III. The Parties' Contract Cannot Be Fairly Read to Create the Indemnification Claim that Hensel Phelps Pleads.
Undaunted, Hensel Phelps pleads an alternate theory of liability: that the indemnification clause of Cooper Carry's design services contract makes it liable for costs that Hensel Phelps incurred in rectifying Cooper Carry's design errors. But that, of course, is not the natural way to read an indemnification clause. Indeed, indemnification clauses are generally interpreted narrowly against the party seeking indemnification. American Bldg. Maintenance Co. v. L'Enfant Plaza Properties, 655 A.2d 858, 861–62 (D.C.1995). As such, Hensel Phelps's indemnification argument, for the following reasons, is of no avail here.
Under the indemnification clause in the design services contract, Cooper Carry is required to "indemnify, defend and hold ... harmless" Hensel Phelps "from and against any claim judgment, lawsuit, damage, liability, and costs and expenses, including reasonable attorneys' fees, as a result of, in connection with, or as a consequence of [Cooper Carry's] performance of the Services under this Agreement ...." Compl. Ex. 1, § 6.01. Cooper Carry, naturally, argues that this clause refers only to liabilities that Hensel Phelps would face from third parties, not to Hensel Phelps's own "damage" and "costs and expenses" from contract breaches. Def.'s Mem. 18-22. I agree.

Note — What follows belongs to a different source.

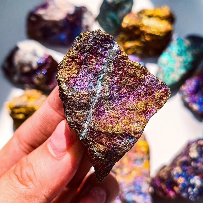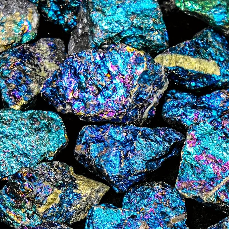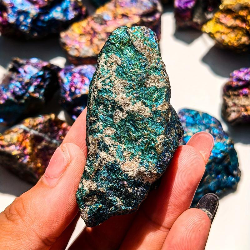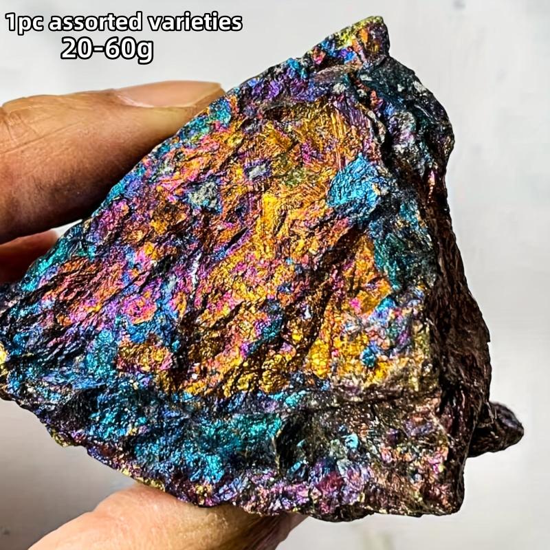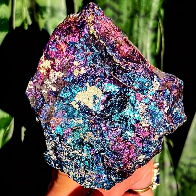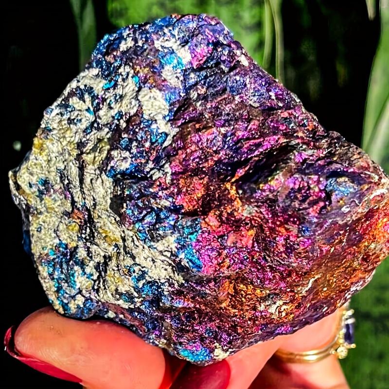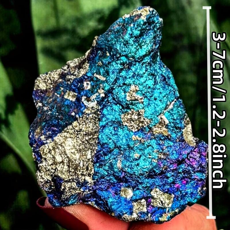 This bohemian home decor piece features a unique bornite specimen with vibrant chalcopyrite and malachite crystals. A stunning addition to any collection or display.

The words "damage" and "costs and expenses" in the indemnification clause are listed along with other words that clearly anticipate the problem of third-party litigation against Hensel Phelps for problems that Cooper Carry created. Moreover, if the Court were to read the indemnification clause in the way Hensel Phelps urges—to cover Hensel Phelps's own liabilities for the costs it incurred in fixing Cooper Carry's mistakes—then it would be redundant. The principle obligation of the contract requires Cooper Carry, if it breaches by making design errors, to cover Hensel Phelps's damages, including Hensel Phelps's "liabilities" to third parties. It is unlikely the parties intended the indemnification clause to create an additional opportunity for breach, arising from the same design errors, on the imagined possibility that Hensel Phelps could face litigation from third parties if it did not pay its own obligations. That litigation would involve an intervening decision by Hensel Phelps to breach its own agreements, a decision for which Cooper Carry would not be at fault. Rather, reading the indemnification clause in the most obvious way, it requires Cooper Carry to cover Hensel Phelps's liabilities when and if a third party sues over problems caused by Cooper Carry's fault. See Landmark Health Solutions, LLC v. Not F or Profit Hosp. Corp., 950 F.Supp.2d 130, 139 (D.D.C.2013).
Because Hensel Phelps's claim for indemnification cannot survive the narrow construction that the Court must give the indemnification clause, judgment for Cooper Carry on that claim must be GRANTED as well.
CONCLUSION
For the foregoing reasons, plaintiff Hensel Phelps cannot prevail on either of its two claims against defendant Cooper Carry. Accordingly, Cooper Carry's Motion for Summary Judgment is GRANTED. An order consistent with this decision accompanies this Memorandum Opinion.